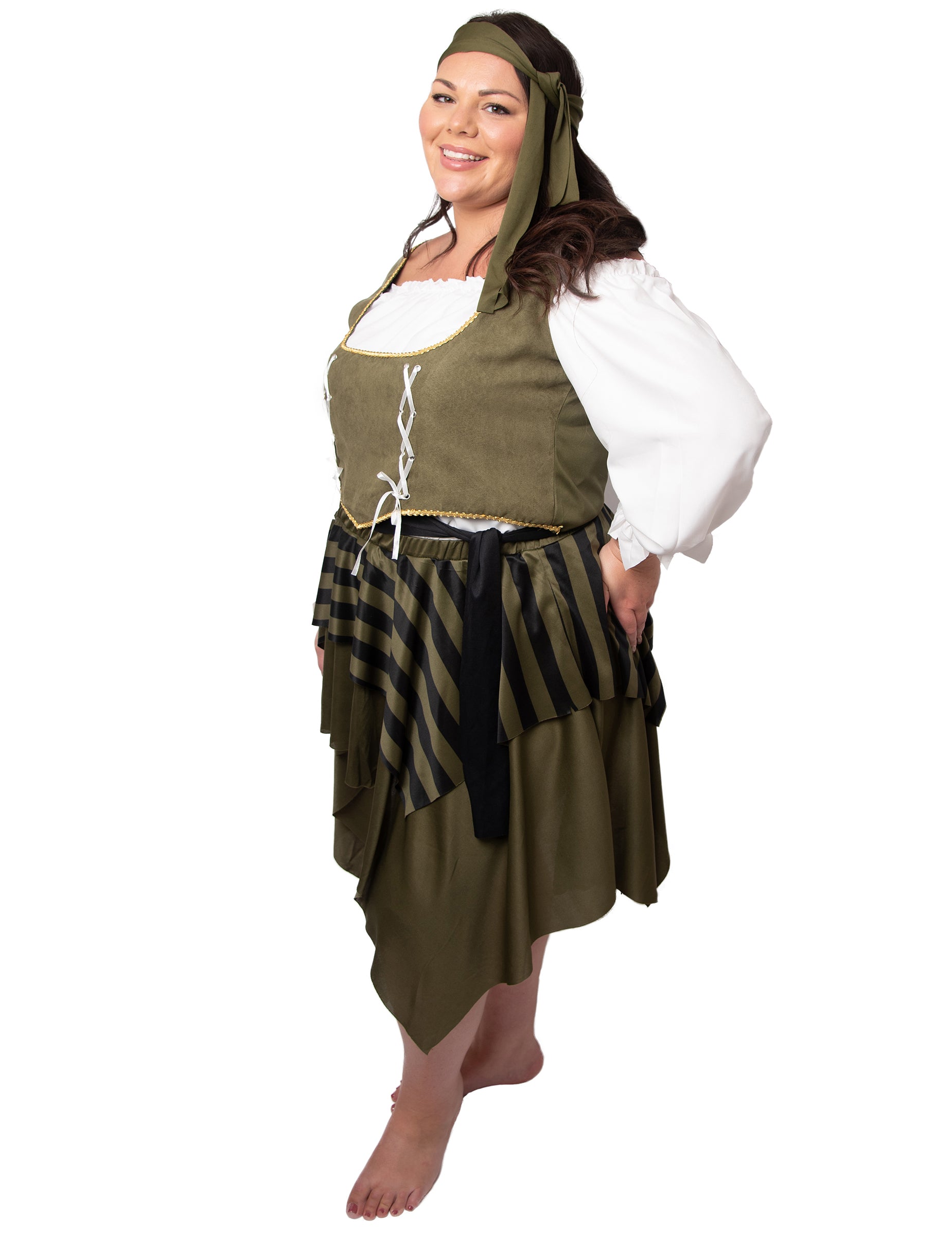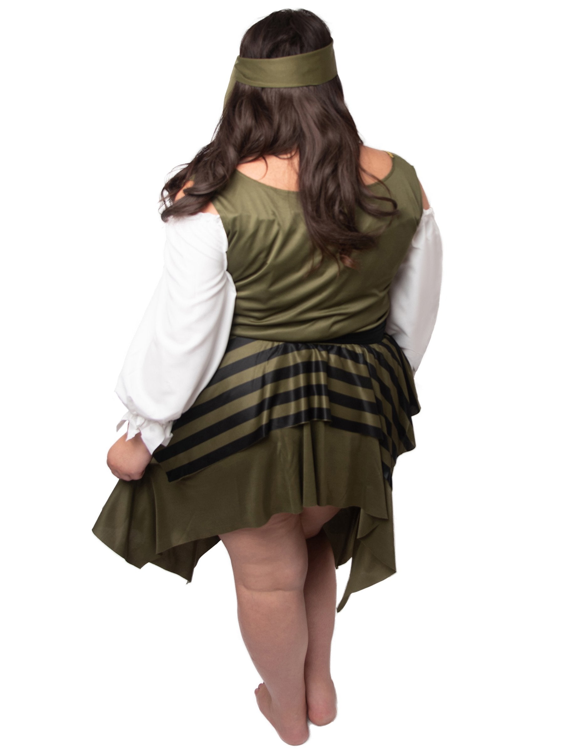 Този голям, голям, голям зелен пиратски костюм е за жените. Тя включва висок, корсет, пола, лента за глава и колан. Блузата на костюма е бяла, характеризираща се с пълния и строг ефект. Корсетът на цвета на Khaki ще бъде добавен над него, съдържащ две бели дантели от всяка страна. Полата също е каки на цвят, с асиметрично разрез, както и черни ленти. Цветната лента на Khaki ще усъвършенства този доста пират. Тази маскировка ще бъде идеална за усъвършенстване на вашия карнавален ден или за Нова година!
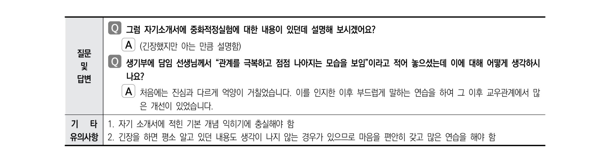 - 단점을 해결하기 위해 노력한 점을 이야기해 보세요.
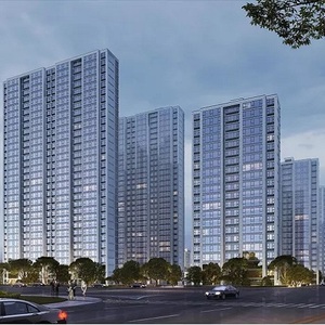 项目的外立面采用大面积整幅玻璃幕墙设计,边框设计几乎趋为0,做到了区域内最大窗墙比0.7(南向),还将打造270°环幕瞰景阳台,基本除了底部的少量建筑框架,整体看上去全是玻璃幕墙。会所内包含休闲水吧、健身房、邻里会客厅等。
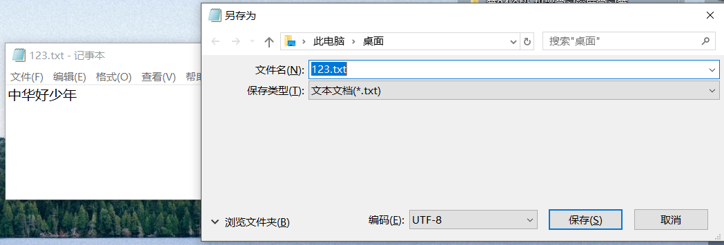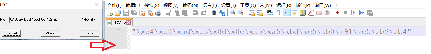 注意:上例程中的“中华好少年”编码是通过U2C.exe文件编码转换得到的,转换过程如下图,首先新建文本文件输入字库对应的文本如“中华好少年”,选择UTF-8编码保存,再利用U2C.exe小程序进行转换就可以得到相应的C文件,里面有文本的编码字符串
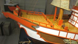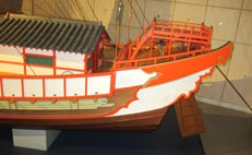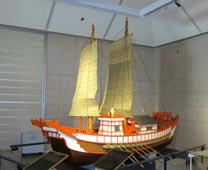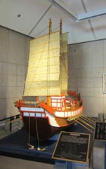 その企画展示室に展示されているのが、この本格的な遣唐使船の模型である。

Exercise prompt:
Omit the pictures and print again exactly the lines from the one with "- 단점을 해결하기 위해 노력한 점을 이야기해 보세요." through the final line of the entries, both ends included.

Written reply:
 - 단점을 해결하기 위해 노력한 점을 이야기해 보세요.
 项目的外立面采用大面积整幅玻璃幕墙设计,边框设计几乎趋为0,做到了区域内最大窗墙比0.7(南向),还将打造270°环幕瞰景阳台,基本除了底部的少量建筑框架,整体看上去全是玻璃幕墙。会所内包含休闲水吧、健身房、邻里会客厅等。
 注意:上例程中的“中华好少年”编码是通过U2C.exe文件编码转换得到的,转换过程如下图,首先新建文本文件输入字库对应的文本如“中华好少年”,选择UTF-8编码保存,再利用U2C.exe小程序进行转换就可以得到相应的C文件,里面有文本的编码字符串
 その企画展示室に展示されているのが、この本格的な遣唐使船の模型である。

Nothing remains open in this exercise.